(Prompt): Copy the records below exactly, starting at the line that contains "ingredients : purified" and ending at the line that contains "Dal portone d'ingresso"; leave out any pictures.

(Material provided):
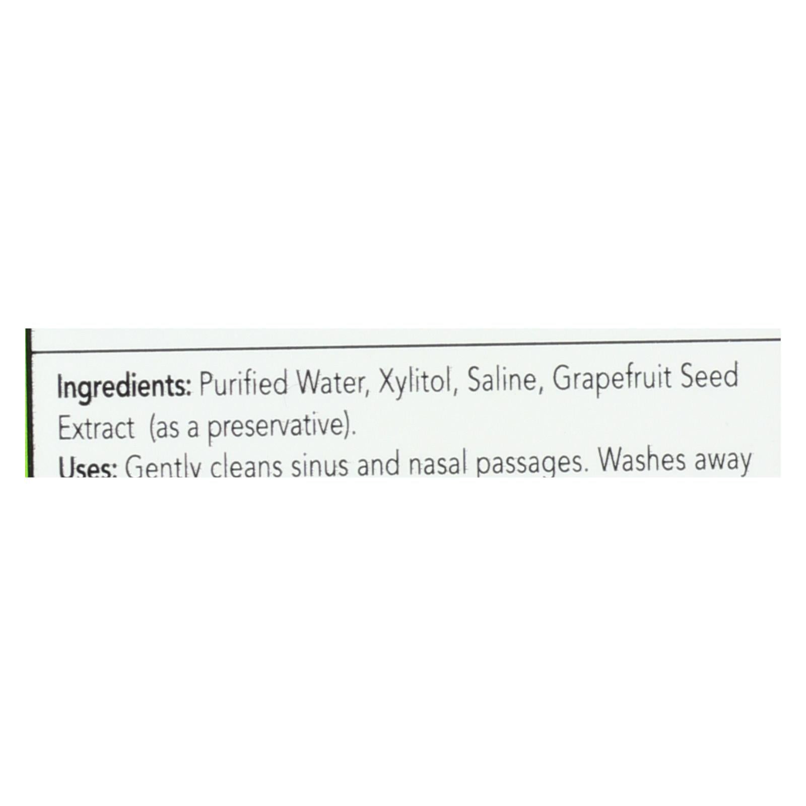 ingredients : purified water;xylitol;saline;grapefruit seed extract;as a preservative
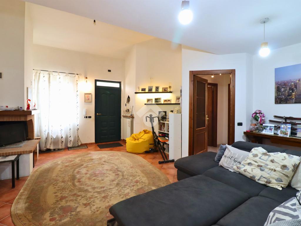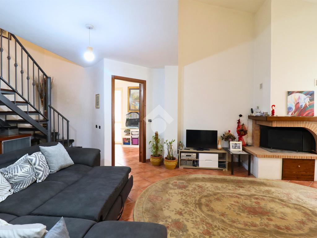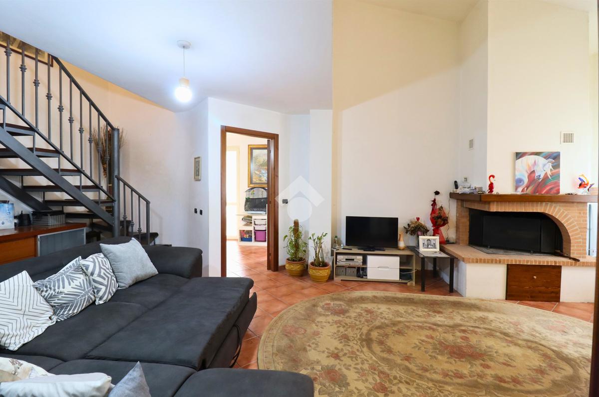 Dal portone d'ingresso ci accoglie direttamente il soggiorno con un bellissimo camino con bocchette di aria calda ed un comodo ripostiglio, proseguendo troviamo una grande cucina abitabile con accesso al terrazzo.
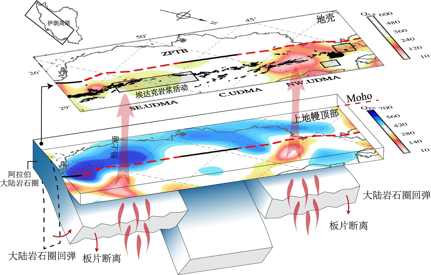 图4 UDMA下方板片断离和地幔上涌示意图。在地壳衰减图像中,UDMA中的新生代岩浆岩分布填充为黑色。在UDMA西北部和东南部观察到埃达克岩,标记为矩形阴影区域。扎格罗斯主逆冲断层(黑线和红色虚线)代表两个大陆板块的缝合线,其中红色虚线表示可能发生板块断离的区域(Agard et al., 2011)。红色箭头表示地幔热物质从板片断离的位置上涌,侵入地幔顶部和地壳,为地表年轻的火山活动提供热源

...

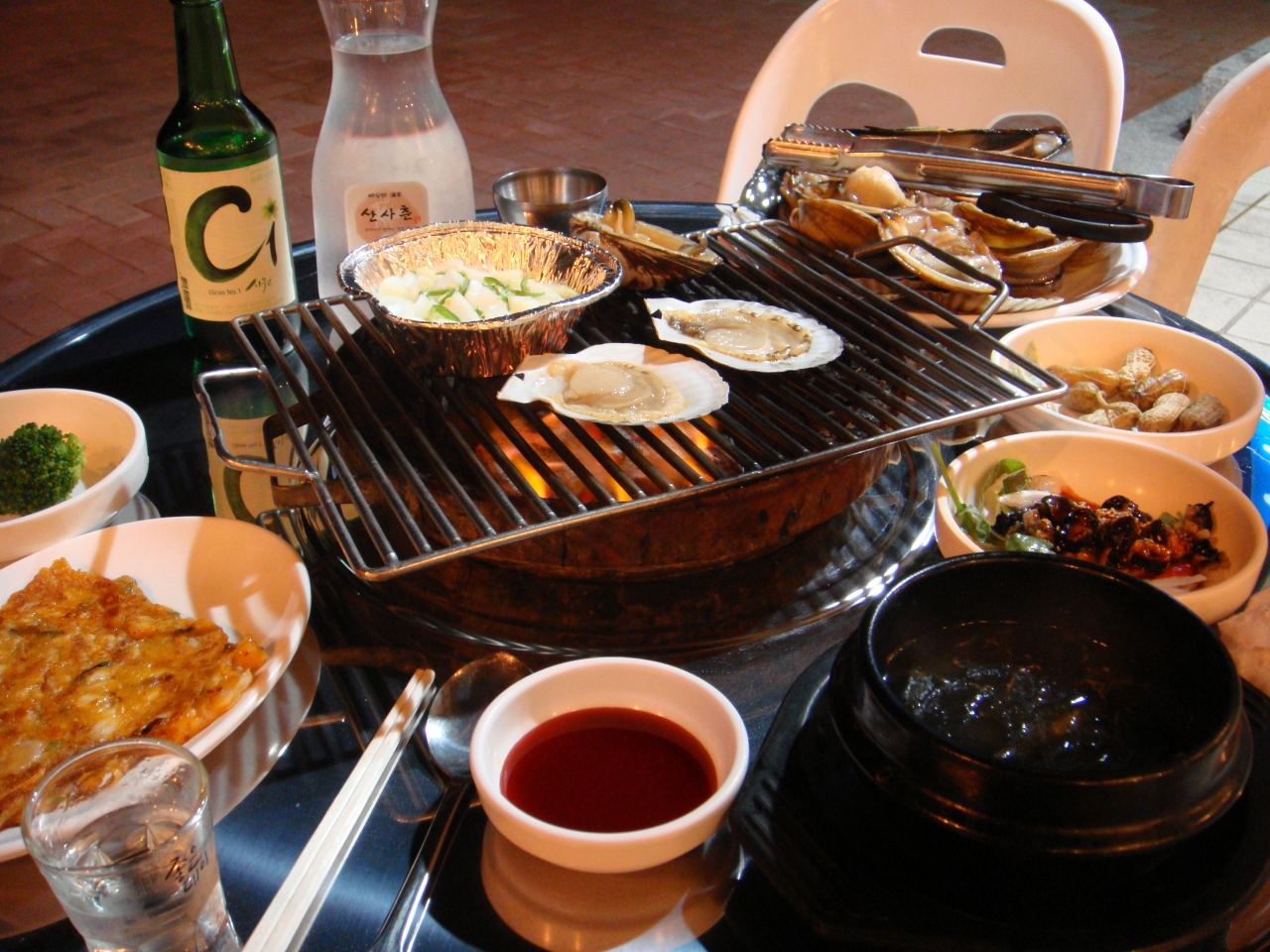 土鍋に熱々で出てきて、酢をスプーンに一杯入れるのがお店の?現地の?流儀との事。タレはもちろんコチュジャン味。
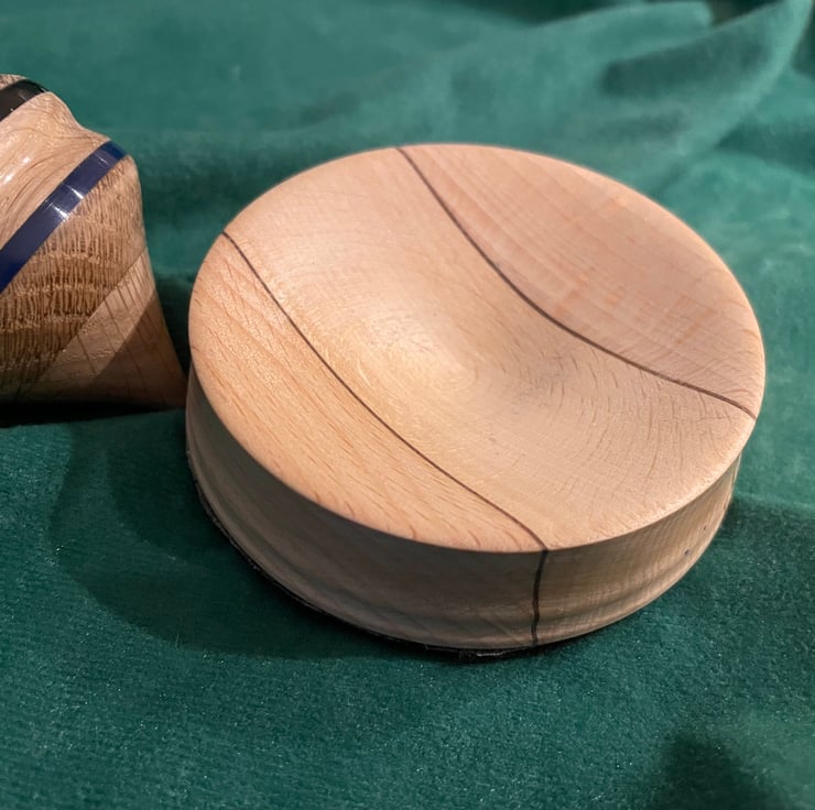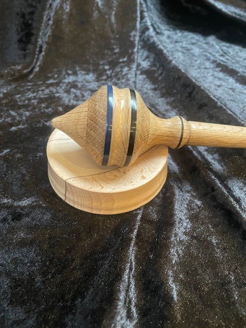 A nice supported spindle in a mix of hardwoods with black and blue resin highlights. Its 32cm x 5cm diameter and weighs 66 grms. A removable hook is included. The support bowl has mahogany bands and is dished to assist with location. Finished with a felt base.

* * *

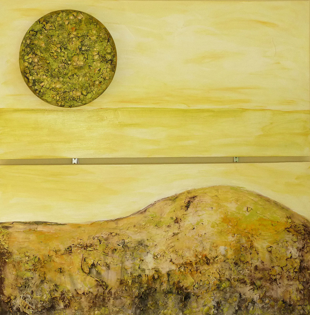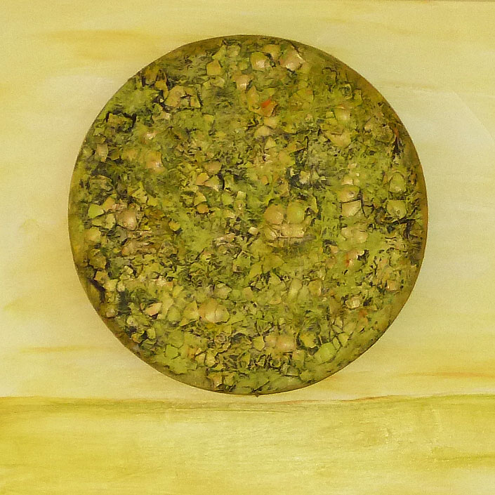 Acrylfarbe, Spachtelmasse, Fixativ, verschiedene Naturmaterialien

(Response area):
 ingredients : purified water;xylitol;saline;grapefruit seed extract;as a preservative
 Dal portone d'ingresso ci accoglie direttamente il soggiorno con un bellissimo camino con bocchette di aria calda ed un comodo ripostiglio, proseguendo troviamo una grande cucina abitabile con accesso al terrazzo.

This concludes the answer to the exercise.